PROBLEM » Starting at the line that contains "Piece of petrified" and ending at the line that contains "succulents—indoors or outdoors", the lines below are to be given again exactly, with nothing added.

Start of PROVIDED MATERIAL

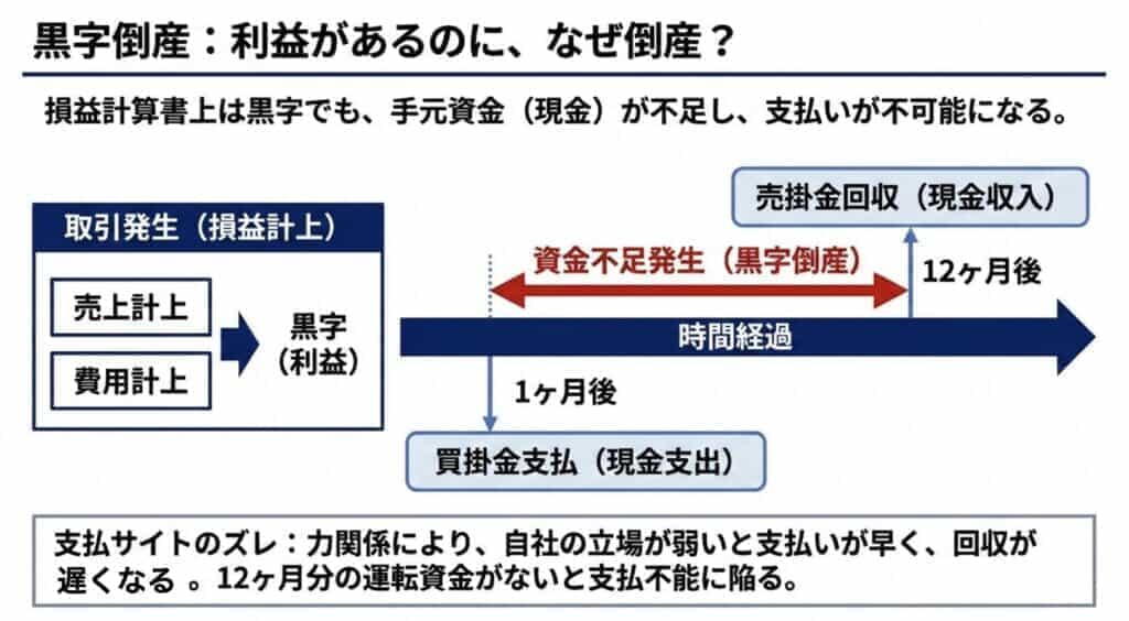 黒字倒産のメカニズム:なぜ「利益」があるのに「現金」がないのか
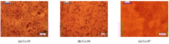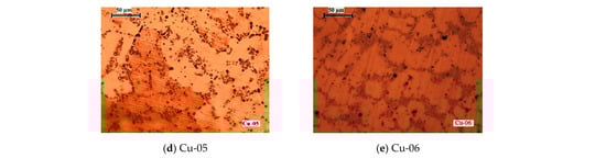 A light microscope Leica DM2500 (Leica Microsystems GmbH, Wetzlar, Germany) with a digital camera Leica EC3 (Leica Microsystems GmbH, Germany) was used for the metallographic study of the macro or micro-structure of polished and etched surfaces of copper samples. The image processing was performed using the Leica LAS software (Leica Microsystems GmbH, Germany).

End of PROVIDED MATERIAL
Start of PROVIDED MATERIAL

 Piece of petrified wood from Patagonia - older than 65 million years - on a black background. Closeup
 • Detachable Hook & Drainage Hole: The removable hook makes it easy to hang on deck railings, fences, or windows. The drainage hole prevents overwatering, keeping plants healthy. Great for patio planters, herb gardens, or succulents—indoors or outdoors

End of PROVIDED MATERIAL

ANSWER TO THIS PROBLEM »
 Piece of petrified wood from Patagonia - older than 65 million years - on a black background. Closeup
 • Detachable Hook & Drainage Hole: The removable hook makes it easy to hang on deck railings, fences, or windows. The drainage hole prevents overwatering, keeping plants healthy. Great for patio planters, herb gardens, or succulents—indoors or outdoors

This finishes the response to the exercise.